● **Task to complete**: Using the records below, give again exactly the lines from the line that contains "文：舞台美术系 图：舞台美术系" through the line that contains "此次，观摩学习师生受益匪浅，", both ends included, and only those.

Task data: Begin

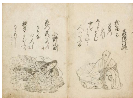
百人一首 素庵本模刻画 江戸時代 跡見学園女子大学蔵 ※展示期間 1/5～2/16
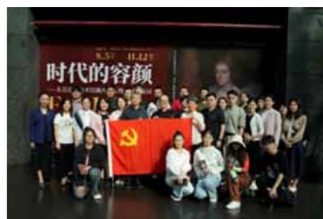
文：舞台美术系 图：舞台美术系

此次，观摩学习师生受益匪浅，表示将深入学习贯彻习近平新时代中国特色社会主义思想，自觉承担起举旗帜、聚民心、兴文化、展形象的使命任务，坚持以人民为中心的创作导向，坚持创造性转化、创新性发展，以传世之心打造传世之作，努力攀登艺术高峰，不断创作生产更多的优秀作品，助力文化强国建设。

Task data: End
Task data: Begin

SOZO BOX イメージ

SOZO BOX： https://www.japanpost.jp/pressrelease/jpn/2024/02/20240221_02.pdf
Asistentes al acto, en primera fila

Task data: End

● **Exercise solution**:
文：舞台美术系 图：舞台美术系

此次，观摩学习师生受益匪浅，表示将深入学习贯彻习近平新时代中国特色社会主义思想，自觉承担起举旗帜、聚民心、兴文化、展形象的使命任务，坚持以人民为中心的创作导向，坚持创造性转化、创新性发展，以传世之心打造传世之作，努力攀登艺术高峰，不断创作生产更多的优秀作品，助力文化强国建设。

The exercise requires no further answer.